### DATA TO PROCESS ###
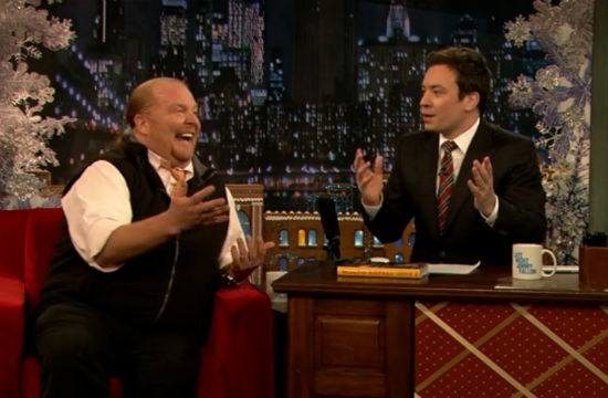 Mario Batali stopped by Late Night with Jimmy Fallon last night, just before his family was scheduled to jet off to Michigan for the holidays. Amidst showing photos of the Batalis’ gorgeous Michigan lake house (East Coasters be jealous: they’ve got 14 inches of snow) and the pine tree they’re going to chop down this year, Mario and Jimmy fell upon the subject of sports.
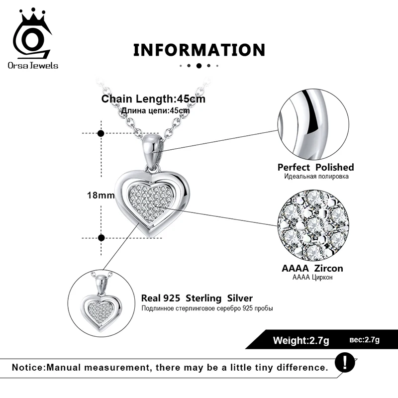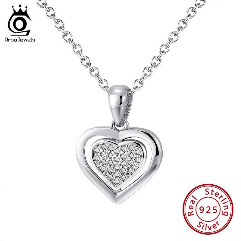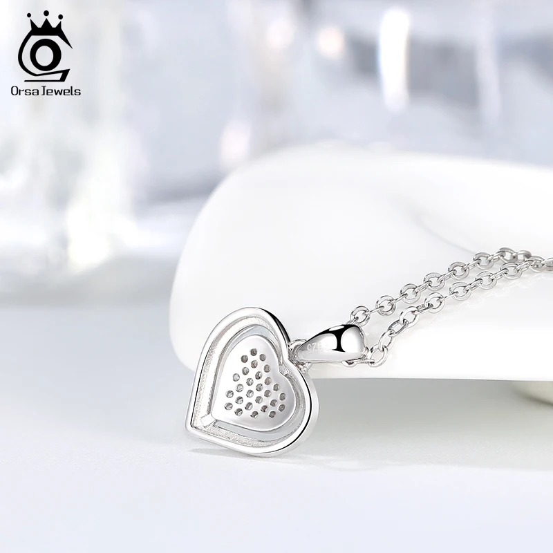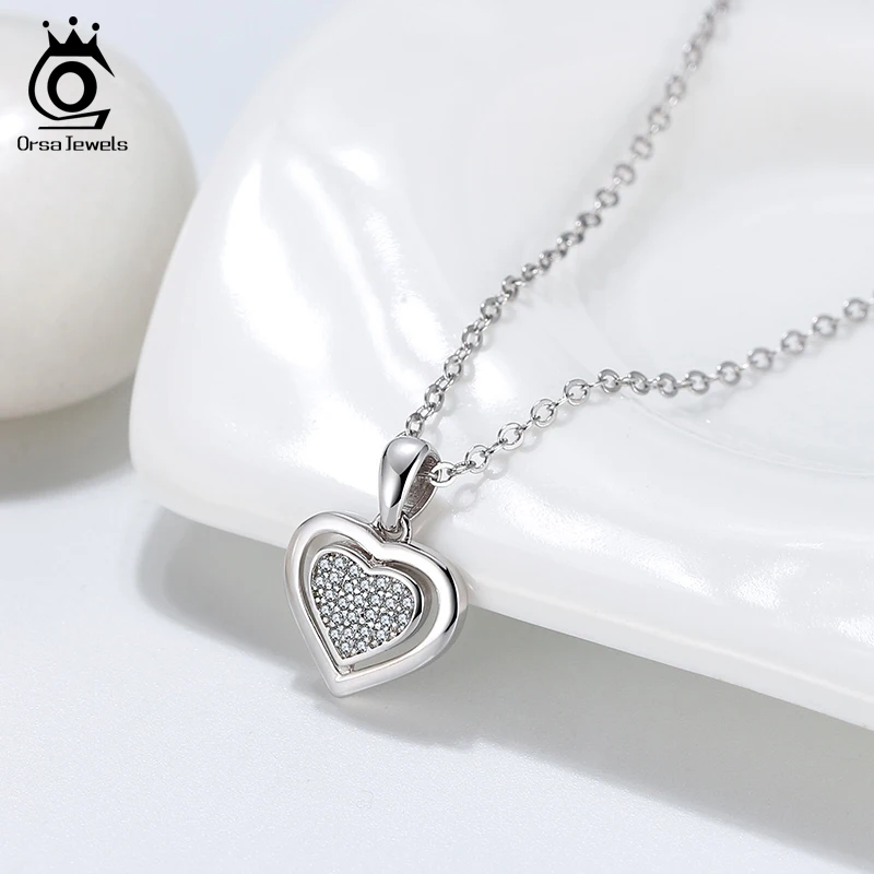 ORSA JEWELS ожерелье с кубическим цирконием AAAA в форме сердца, ожерелье из стерлингового серебра 925 Серебряное колье пробы для женщин, ювелирные изделия, подарок на помолвку OSN223
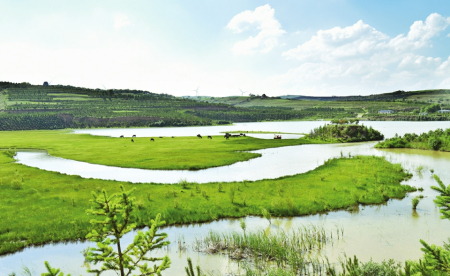從右玉縣城出發(fā),向北行駛10公里,即達右玉蒼頭河國家濕地公園。進入公園,一片綠色的海洋,只見盤纏交錯的梧柳,旺盛的蘆葦叢,多年生長的灌木、沙棘,郁郁蔥蔥。林中百鳥歡唱,各種珍稀動物出沒林間。在木棧道、文化長廊、蒼頭河兩岸等處,游客絡(luò)繹不絕,有的拍照留念,有的駐足觀景,陶醉其中。
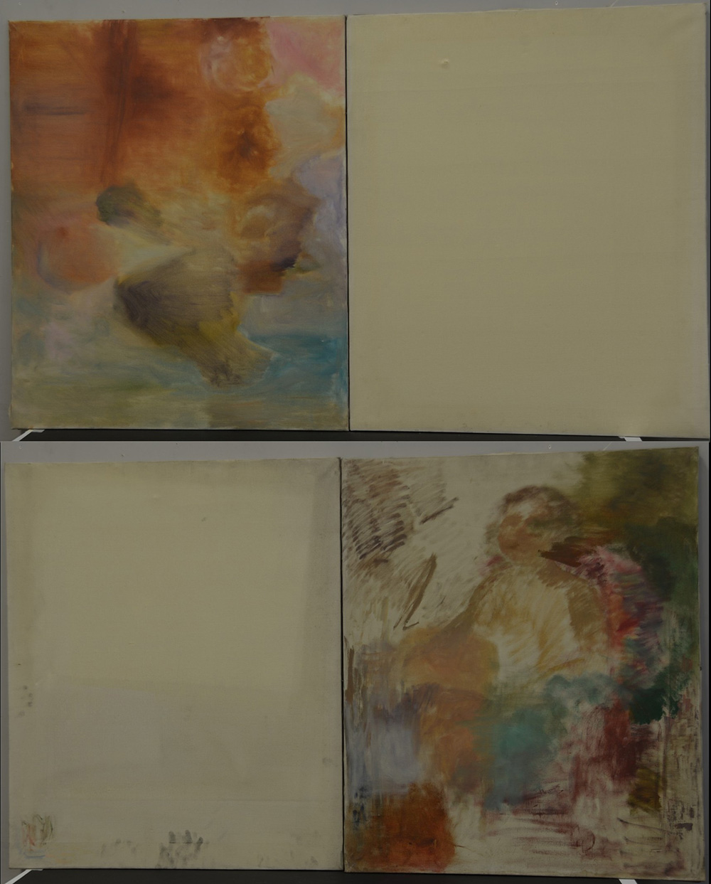 Lotto di quattro tele di cui tre dipinte (cm 95x79)
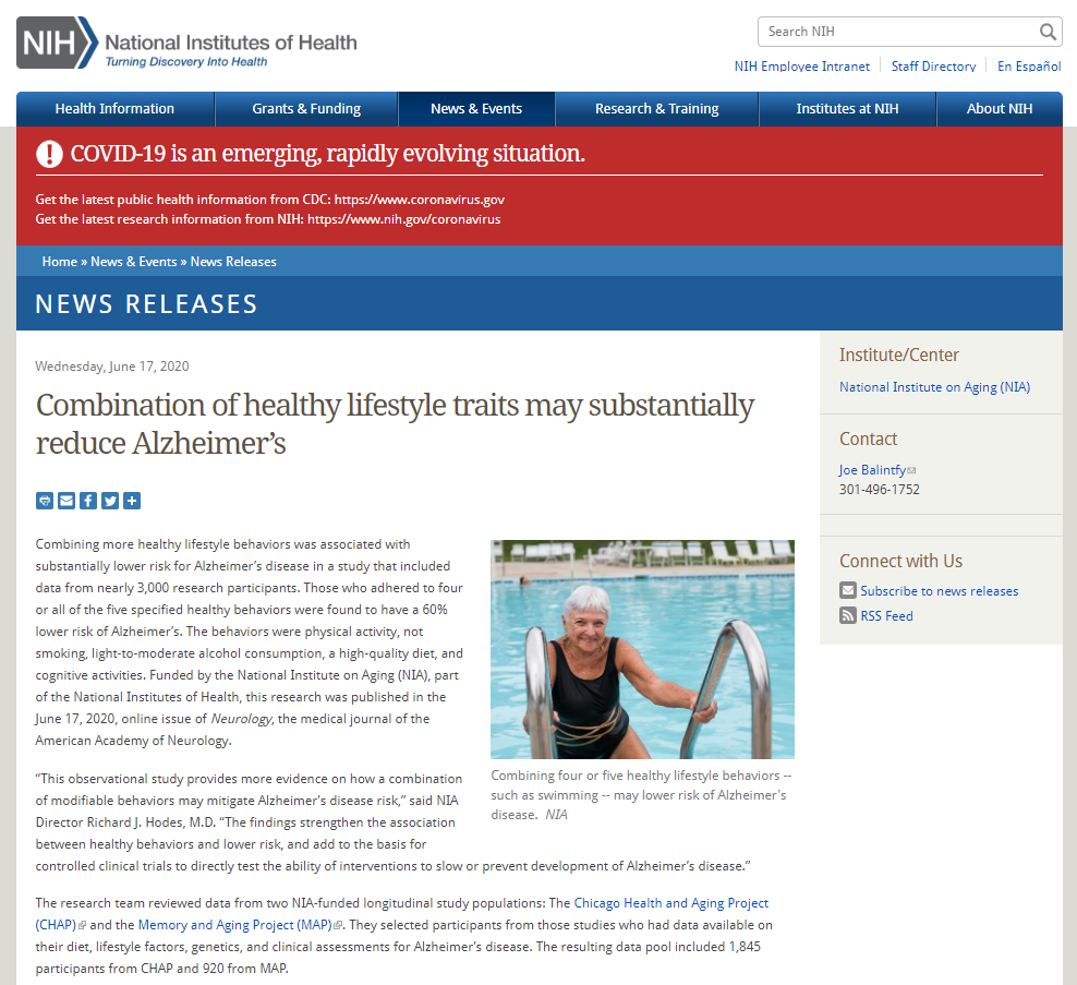 美国国立卫生研究院(NIH)附属国家老龄化研究所(NIA)近日资助了一项研究,将五种生活方式行为与一个人患阿尔茨海默病的风险大幅降低联系起来。这项研究最近发表在《神经病学》杂志上,揭示了坚持至少四种生活方式因素的人患阿尔茨海默病的风险降低了60%。
###
Retype every entry exactly, but keep the pictures out of your copy.

 Mario Batali stopped by Late Night with Jimmy Fallon last night, just before his family was scheduled to jet off to Michigan for the holidays. Amidst showing photos of the Batalis’ gorgeous Michigan lake house (East Coasters be jealous: they’ve got 14 inches of snow) and the pine tree they’re going to chop down this year, Mario and Jimmy fell upon the subject of sports.
 ORSA JEWELS ожерелье с кубическим цирконием AAAA в форме сердца, ожерелье из стерлингового серебра 925 Серебряное колье пробы для женщин, ювелирные изделия, подарок на помолвку OSN223
從右玉縣城出發(fā),向北行駛10公里,即達右玉蒼頭河國家濕地公園。進入公園,一片綠色的海洋,只見盤纏交錯的梧柳,旺盛的蘆葦叢,多年生長的灌木、沙棘,郁郁蔥蔥。林中百鳥歡唱,各種珍稀動物出沒林間。在木棧道、文化長廊、蒼頭河兩岸等處,游客絡(luò)繹不絕,有的拍照留念,有的駐足觀景,陶醉其中。
 Lotto di quattro tele di cui tre dipinte (cm 95x79)
 美国国立卫生研究院(NIH)附属国家老龄化研究所(NIA)近日资助了一项研究,将五种生活方式行为与一个人患阿尔茨海默病的风险大幅降低联系起来。这项研究最近发表在《神经病学》杂志上,揭示了坚持至少四种生活方式因素的人患阿尔茨海默病的风险降低了60%。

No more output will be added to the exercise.